Korzystając z okazji tego malutkiego pożaru drewnianego szaletu, który widzimy przed nami, chciałbym dziś Państwa poprowadzić na intelektualną wędrówkę po ludzkich zmaganiach z tym żywiołem na przestrzeni wieków. Gdy obserwuję te buchające płomienie na myśl przychodzą mi różnorodne refleksje klasyfikacyjne i historyczno porównawcze. Zacznijmy więc chronologicznie, by utrzymać porządek rzeczy stosowny do powagi tematu…
Nieopodal
– Co dziś robisz Januszku? Znowu nic? Ha, ha, ha.
– Noo! Browka bym łupnął.
– Patrz Januszku. Nad zajaranym kiblem jakaś wypacykowana banda coś deliberuje.. może to jakiś ważny kibel był…
– Ubolewają, że im się chce, a nie ma już gdzie He He he. A może parówy będą piekli na kiblu?
– Cicho debilu słuchaj..
Plac
…W książce pt. „Historia pożarnictwa w kulturze zbieracko- łowieckiej” spostrzegamy już tendencje do postaw „nie obojętności” w obliczu szalejącego ognia zagrażającego ludzkim siedzibom. W początkowej fazie pożarnictwa z żywiołem zmagały się niewyspecjalizowane grupy samopomocy plemiennej. Grupy te zawiązywane w obliczu…
Nieopodal
– Kaziu ty łapiesz co łon pitoli?
– Januszku, filozofy się nad zajaranym kiblem rozwodzą. Trawy suchej to oni wokoło nie widzą? Jak ogień chwyci to w mig pod las podejdzie, a i auteczka ich popieści jak należy.
– Dupa blada, kozioł, wierzba, mechaty skrzat. Nie ich teren to się nie martwią.
– Nie widzą filozofy zagrożenia bo im ogień zasłonił. Januszku zrywajmy się stąd lepiej! Mogli zgasić, potem gadać. Głupole.
Plac
pół godziny później
… analizując omawiane zjawisko, należy stwierdzić, że konieczną rzeczą jest minimalizacja ryzyka nietrafnego oszacowania, już we wstępnej fazie tworzenia charakterystyki pożaru. Co z kolei prowadzi do zasadniczo słusznego stwierdzenia, iż wartości płonących budynków nie można oceniać w oderwaniu od lokalizacji, która zaś…
Wieczorny komunikat
TV-ERN-SAT
Kilkanaście jednostek straży pożarnej od 5 godzin walczy z szalejącym pożarem lasu, oraz przedmieść Grzdawy Wielkiej. Aktualnie pożar został częściowo opanowany. W wyniku pożaru doszło do licznych zniszczeń materialnych. Spłonęło już kilkadziesiąt samochodów, dwa domostwa oraz 3 hektary lasu. Poparzeniom uległ wybitny znawca pożarnictwa Zdzisław Długomówny, przypadkowo przebywający w okolicy. Odwożony karetką do szpitala zdołał tylko z trudem wykrztusić, że przyczyną musiało być podpalenie złośliwe. Kilkanaście osób jest również ciężko poparzonych, sami przypadkowi turyści z nieodległej stolicy regionu.

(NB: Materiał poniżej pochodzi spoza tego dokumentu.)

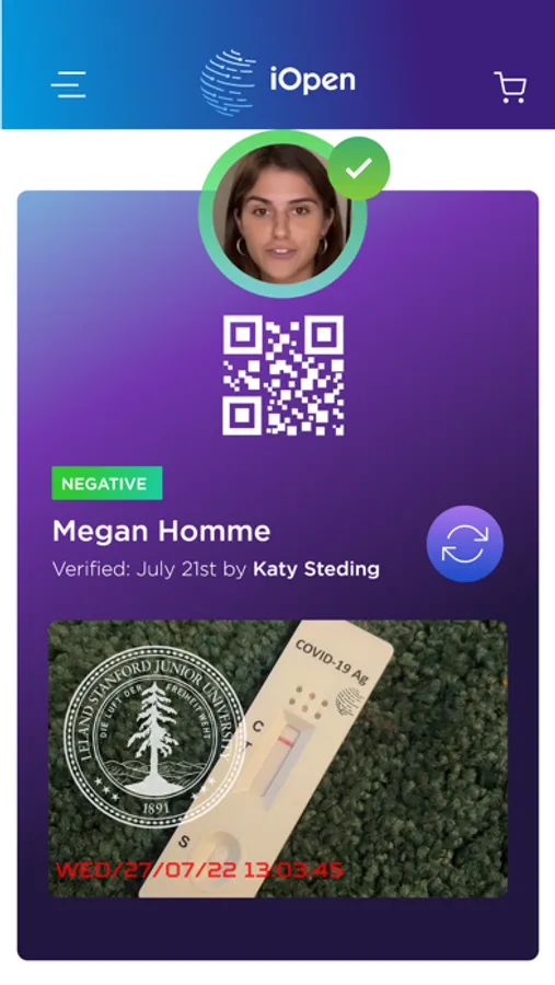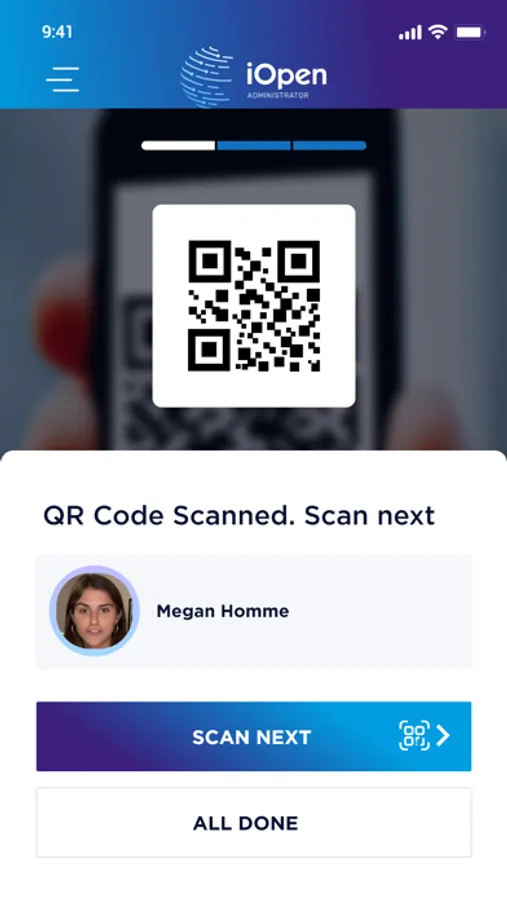 3. Enjoy access to any controlled venue entrance and travel with peace of mind. iOpen users present their QR code for scanning with an ID when entering any controlled event requesting validation.

Podejrzanymi o podpalenie są dwaj miejscowi bezrobotni, którzy w dniu zdarzenia zostali zauważeni w okolicy którą później strawił pożar: Janusz I. i Kazimierz K. Ktokolwiek widział podpalaczy proszony jest o pilny, życzliwy donos. Z miejsca pożaru kłamała dla państwa Janina Szczera.